In my last post “KV/MV Homo-Source Dual-Beam Accelerator: the new round of competition in IGRT about to begin“, I have introduced the progress of this new approach, which is also reflected that IGRT is gearing up on the road. The new created Homo-Source Dual-Beam (HSDB) accelerator technology has already been much concerned, as one of the key points in IGRT research, by RT device experts. In this post, I’d attempt to expand application of HSDB accelerator, combining with the theory of Dual-Source CT (DSCT), to a full new concept of Multi-Source Multi-Beam (MSMB), which could be a further developing to the Tomotherapy.

Your valuable opinions and comments are welcomed very much.

In order to name easily, the short names used in this article are presented below:

• HSDB:   Homo-Source Dual-Beam
• MSMB:   Multi-Source Multi-Beam
• DSCT:   Dual Source Computerized Tomography
• DSMV:   Dual Source MV Delivery (Treatment)

1. Dual-Source Tri-Beam system

Based on Tomotherapy prototype published in 1993, if the original KV imaging system is reserved, but that linac is to be replaced by a new HSDB accelerator, it will become a so-called Dual-Source Tri-Beam system, consisting of 2 KV beams + 1 MV beam.

The principle is illustrated below.

Tomotherapy: 2KV 1MV

There are total three beams in this Dual-Source Tri-Beam system, in which two beams are for KV imaging. And these two KV beams are placed orthogonally each other, so that identified essentially with the structure of Siemens’ Dual-Source CT (DSCT).
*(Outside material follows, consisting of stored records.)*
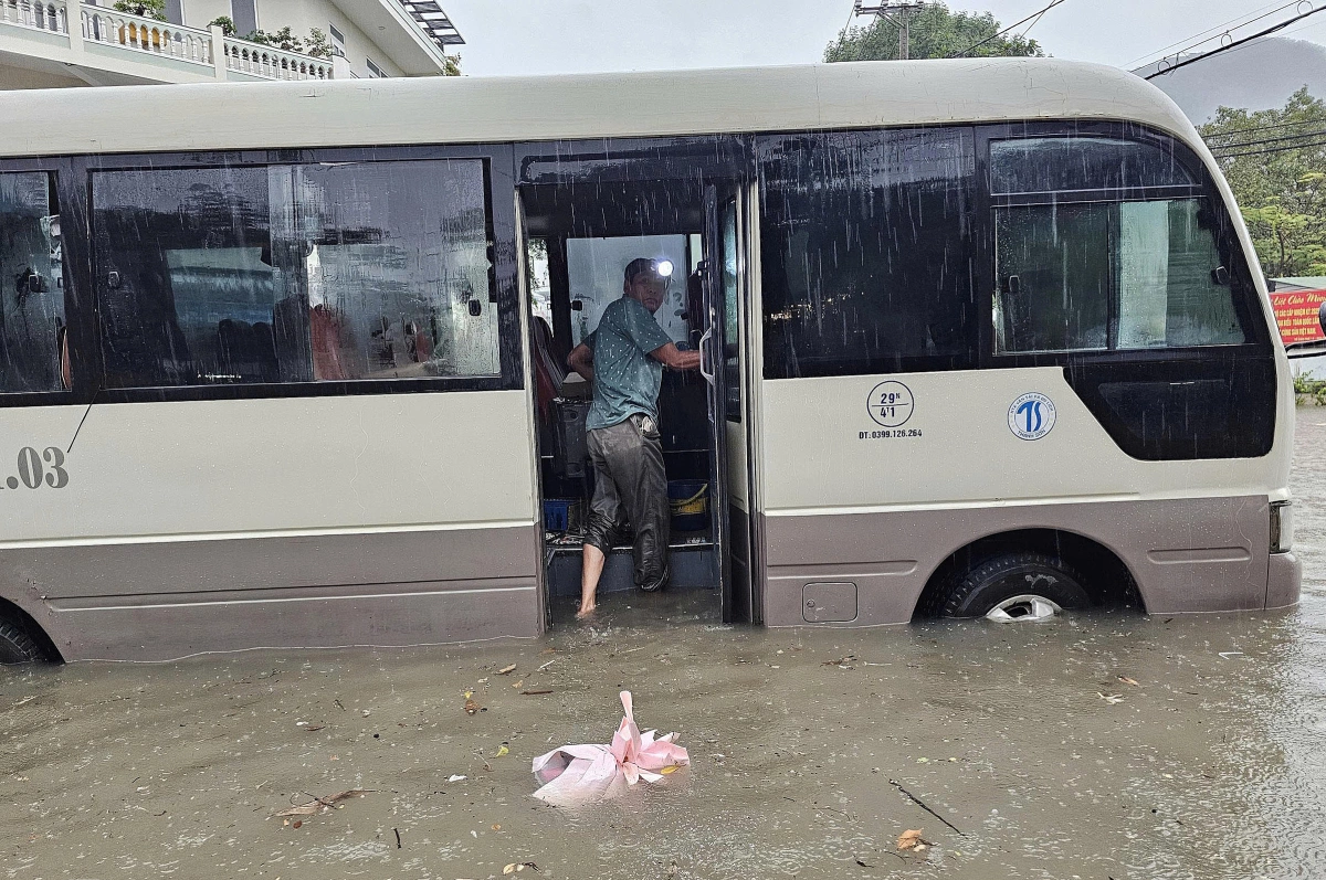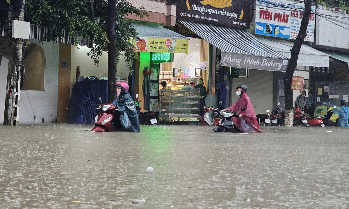 Khu vực Nha Trang, Khánh Hòa, chịu ảnh hưởng nặng nhất trong trận mưa sáng nay. Nước trút xuống hơn 3 giờ khiến tuyến đường 2 Tháng 4 ngập gần nửa mét lúc hơn 9h.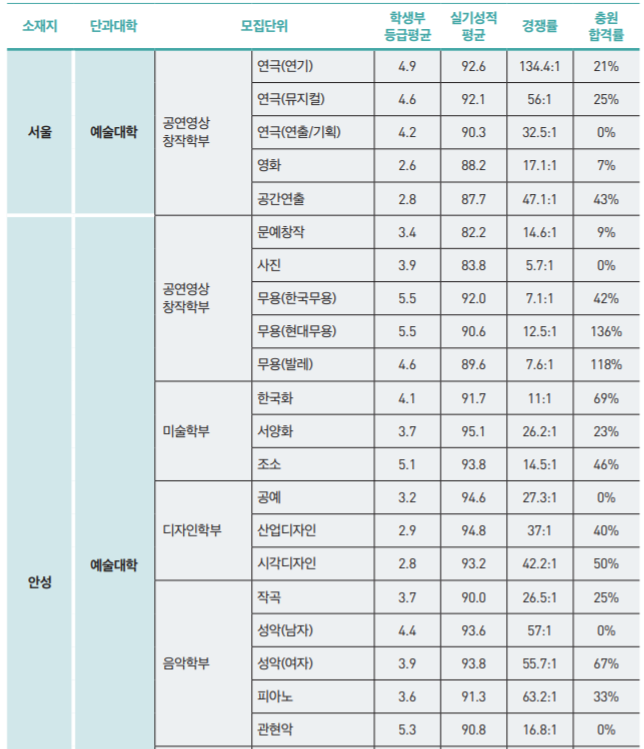 중앙대학교 안성캠퍼스는 자연계 생명공학대학, 예술대학, 스포츠과학부, 예술공학대학, 첨단소재공학과 등이 개설, 운영되고 있습니다. 인문계열 대학은 없으며 자연계, 예체능계만 있습니다. 수시모집으로 학생부교과전형, 학생부 종합전형, 논술 전형 등이 있습니다.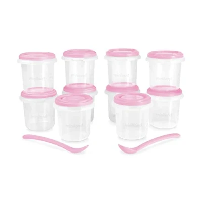 Set of 10 airtight containers of 250ml graduated to calculate the ideal quantities Made in Spain wiith exceptional quality and BPA Free For all types of solid foods or liquids (ideal for breast milk) For heating up anywhere (warmers, microwave or bain-marie) and suitable for freezer Including 2 training spoons (a softer one for starting on solid food and another with more capacity)
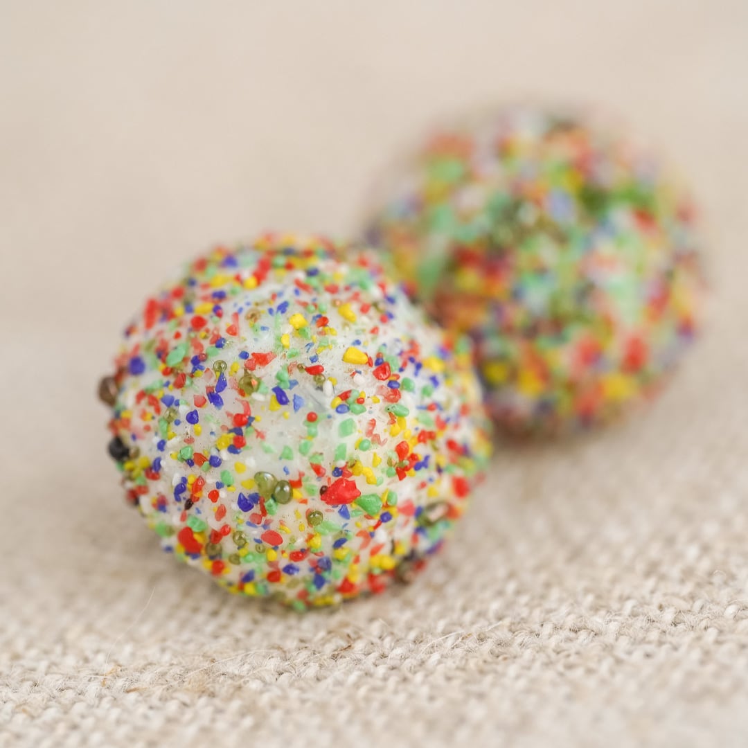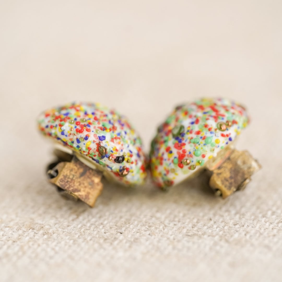 Each earring is handmade, featuring a dome of clear glass encasing countless vibrant specks of color. No two pieces are ever identical; each reflects the artisan’s hand and the spontaneity of molten glass. The result is a design that feels alive—sparkling subtly with movement, as though it holds a constellation within.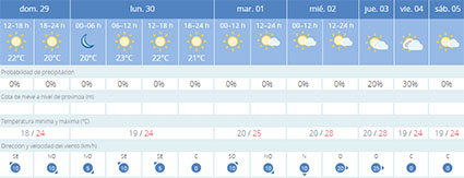 NERJA – De komende dagen blijft het warm met veel zon en gemiddelde dagtemperaturen tussen de 24 en 28 graden Celsius in Nerja en naaste omgeving. Daarbij waait af en toe een matige tot zwakke wind, van een kans op regen is geen sprake in de huidige vooruitzichten van de Spaanse meteorologische dienst Aemet (Agencia Estatal de Meteorología).

 Schematic diagram of DSCT

If the DSCT technology is integrated seamlessly into the Tomotherapy IGRT system, it will contribute the advanced features of DSCT to the imaging behavior of Tomotherapy in a natural agreement. For example:

• Considerably speedup in Data Acquisition / increased temporal resolution.

According to the theory of DSCT, its technology of “dual-beam dual-sector imaging” will improve the temporal resolution by four times. At present, the tomotherapy gantry can rotate at fastest of 10 sec per round. The temporal resolution of single-sector data acquisition can be improved to 2.5 sec, upon the condition of unchanged rotation speed of the gantry. It can access the projection data in full 180 degree, so long as the gantry rotates 90 degree. This feature will benefit to improve the imaging quality on chest and abdomen, through the reduction of artifacts in respiration.

If the accelerator runs upon C-band or X-band, the weight of accelerator equipped on the gantry can be greatly lost, the inertia of rotation will be decreased dramatically, and it will speed up the gantry’s rotation. The temporal resolution will be better, therefore, and be more conducive to the image quality on chest and abdomen.

• The radiation dose for imaging is decreased by 50 percent.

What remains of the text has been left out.